3. Add another tablespoon each of butter and oil to the skillet. Add the celery root and butternut squash, and cook, stirring occasionally, until browned all over, about 10 minutes; transfer to the roasting pan. Repeat the cooking process using another tablespoon each of butter and oil and the remaining vegetables, except for the mushrooms. Add the remaining tablespoon each of butter and oil. Add the Portobellos and cook, stirring occasionally, until tender and browned all over, about 6 minutes; add the garlic and cook for a couple of minutes then transfer everything to the roasting pan and stir to mix.

4.Increase the heat to high and add the wine, tomato paste and broth or water to the saute pan. Bring to a boil, scraping up the browned bits stuck to the bottom of the pan. Pour the liquid over the vegetables. Season with salt and pepper and add the marjoram.
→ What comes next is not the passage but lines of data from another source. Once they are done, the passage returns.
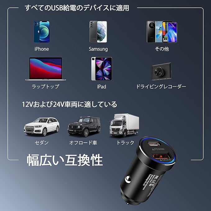 【LEDインジケーターライト付き&12V-24V車対応】:車の充電器はアルミニウム合金製で、つや消しアルミニウム仕上げで円形の青色 LED インジケータ ライトが付いているため、充電状態を確認し、暗闇での運転時に簡単に見つけることができます。車種(12V~24V)の違いにより、カーチャージャーとシガーライターソケットが完全に平行にならない場合があります。 お手持ちのシガーライターソケットの深さをご確認の上ご購入ください。
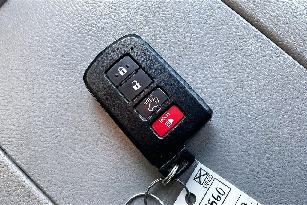 | Navigation System | | 6 Speakers | | AM/FM radio: SiriusXM | | CD player | | Radio: Entune Premium Audio w/Nav & App Suite | | Air Conditioning | | Automatic temperature control | | Front dual zone A/C | | Rear air conditioning | | Rear window defroster | | Power driver seat | | Power steering | | Power windows | | Remote keyless entry | | Steering wheel mounted audio controls | | Four wheel independent suspension | | Speed-sensing steering | | Traction control | | 4-Wheel Disc Brakes | | ABS brakes | | Dual front impact airbags | | Dual front side impact airbags | | Front anti-roll bar | | Knee airbag | | Low tire pressure warning | | Occupant sensing airbag | | Overhead airbag | | Rear anti-roll bar | | Power moonroof | | Power Liftgate | | Brake assist | | Electronic Stability Control | | Exterior Parking Camera Rear | | Auto High-beam Headlights | | Delay-off headlights | | Fog lights | | Fully automatic headlights | | Panic alarm | | Security system | | Speed control | | Bumpers: body-color | | Heated door mirrors | | Power door mirrors | | Roof rack: rails only | | Spoiler | | Turn signal indicator mirrors | | Auto-dimming Rear-View mirror | | Driver door bin | | Driver vanity mirror | | Front reading lights | | Garage door transmitter | | Illuminated entry | | Leather Shift Knob | | Outside temperature display | | Overhead console | | Passenger vanity mirror | | Rear reading lights | | Tachometer | | Telescoping steering wheel | | Tilt steering wheel | | Trip computer | | 3rd row seats: split-bench | | Front Bucket Seats | | Front Center Armrest | | Heated Front Bucket Seats | | Heated front seats | | Leather Seat Trim | | Power passenger seat | | Reclining 3rd row seat | | Split folding rear seat | | Passenger door bin | | Alloy wheels | | Wheels: 18'' Turbine-Look Alloy | | Rear window wiper | | Variably intermittent wipers | | 3.003 Axle Ratio | | Upgraded Wheel Package |
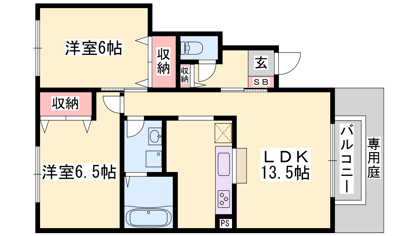 - LDK13.5帖、洋室6.5帖、洋室6帖
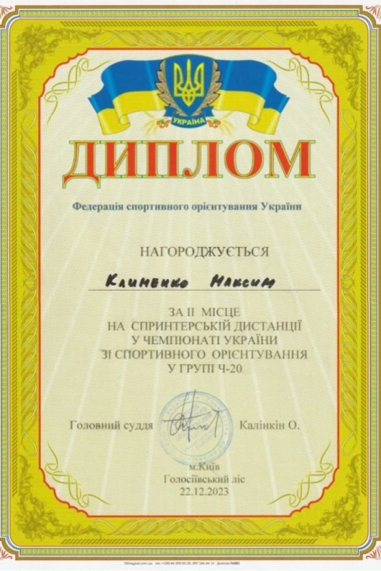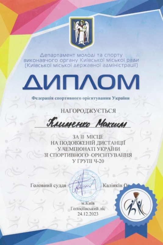 Здобувач другого курсу групи БТ-2-1 факультету біотехнології та екологічного контролю Максим Клименко посів ІІ місце в особистому заліку на спринтерській дистанції (3,9 кілометри), І місце у 2-етапній командній естафеті (3,8 кілометри) та подовженій дистанції (8,6 кілометри) по групі Ч20.

Cover with foil and bake until the vegetables are just tender, about 30 minutes. Increase the oven temperature to 450° and cook, uncovered, for 5 minutes longer.

5.Meanwhile, make the cheddar-garlic crumble crust: In a medium bowl, sift the flour, salt, and baking powder together. Using a pastry cutter or 2 knives, cut in the butter until the mixture resembles coarse meal., garlic, and pepper.  Add the cream, garlic, and pepper. Stir in the cheese and mix lightly with a wooden spoon until the dough just holds together. Cover and set aside.

6.Using a large spoon, dollop the surface of the vegetables with ping-pong ball-sized dots of the cheddar crumble crust. The top of the casserole should look like the surface of the moon; bumps and craters are ideal.  Return the casserole to the oven and bake uncovered until the topping is cooked and browned, about 25 minutes.